The gradient information can now be used to optimize the shape of the car so as to reduce the drag.
(1) Towara M and Naumann U (2013). A discrete adjoint model for OpenFOAM. Procedia Comp. Sci. Volume 18.
Figure 2: MITgcm sensitivities of zonal ocean water flow through the Drake Passage to changes in bottom topography.
AD helps our understanding of climate change and improves weather predictions.
Figure 2 shows the sensitivity of the amount of water flowing through the Drake passage to changes in the topography of the ocean floor. The simulation was performed with the AD-enabled MIT Global Circulation Model (MITgcm) run on a supercomputer. The ocean was meshed with 64,800 grid points. (2)
Obtaining the gradient through finite differences took a month and a half. The adjoint AD code obtained the gradient in less than 10 minutes.
The gradient information can be used to further refine climate prediction models and our understanding of global weather, for example the high sensitivity over the South Pacific Ridge and Indonesian Throughflows even though these are far away from the Drake Passage.
(2) Utke J, Naumann U, Wunsch C, Hill C, Heimbach P, Fagan M, Tallent N and Strout M. (2008). OpenAD/F: A modular, open-source tool for automatic differentiation of Fortran codes. ACM Trans. Math. Softw, 34(4) 18:1-18:36.
AD and AAD is used in finance to get sensitivities of complex instruments quickly, enabling real time risk management and hedging of quantities like xVA.
Here we show some results from a paper which studied two typical codes arising in finance: Monte Carlo and PDEs. (3)
Table 1: Run times and memory requirements as a function of gradient size n for Monte Carlo and PDE applications.
Table 1 shows the runtimes of a first-order adjoint code using dco vs. central finite differences on a typical finance application (option pricing under local volatility model, 10K sample paths/spatial points and 360 time steps). The second column f is the normal runtime of the application, cfd is the runtime for central finite differences and AD is adjoint AD runtime along with additional memory required (tape size). Calculations were run on a laptop so only the relative runtimes AD/f and cfd/AD are important, the latter showing the speedup of AD over finite differences.
In finance such derivative information is often used for hedging and risk calculations, so these gradients must be computed many times per day.
AD computes mathematical derivatives of a computer program. Conceptually the process is straightforward:
- Computers can only add, subtract, multiply and divide floating point numbers
- Any computer program (operating on floating point numbers) simply consists of many of these fundamental operations strung together, along with calls to special functions (e.g. sin, cos, exp, etc.)

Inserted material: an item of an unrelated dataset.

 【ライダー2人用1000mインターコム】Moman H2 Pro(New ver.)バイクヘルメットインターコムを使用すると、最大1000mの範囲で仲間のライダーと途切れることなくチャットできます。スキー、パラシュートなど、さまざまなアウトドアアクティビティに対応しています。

- It is simple to compute the derivatives of all these basic operations
- We can use the chain rule to combine these basic derivatives to get the derivative of our computer program
This process of differentiating a code can be applied recursively to generate 2nd, 3rd, 4th or higher derivatives of any computer program. Since the code is differentiated symbolically (albeit at a very low level), the derivatives are mathematically exact and are computed to machine accuracy.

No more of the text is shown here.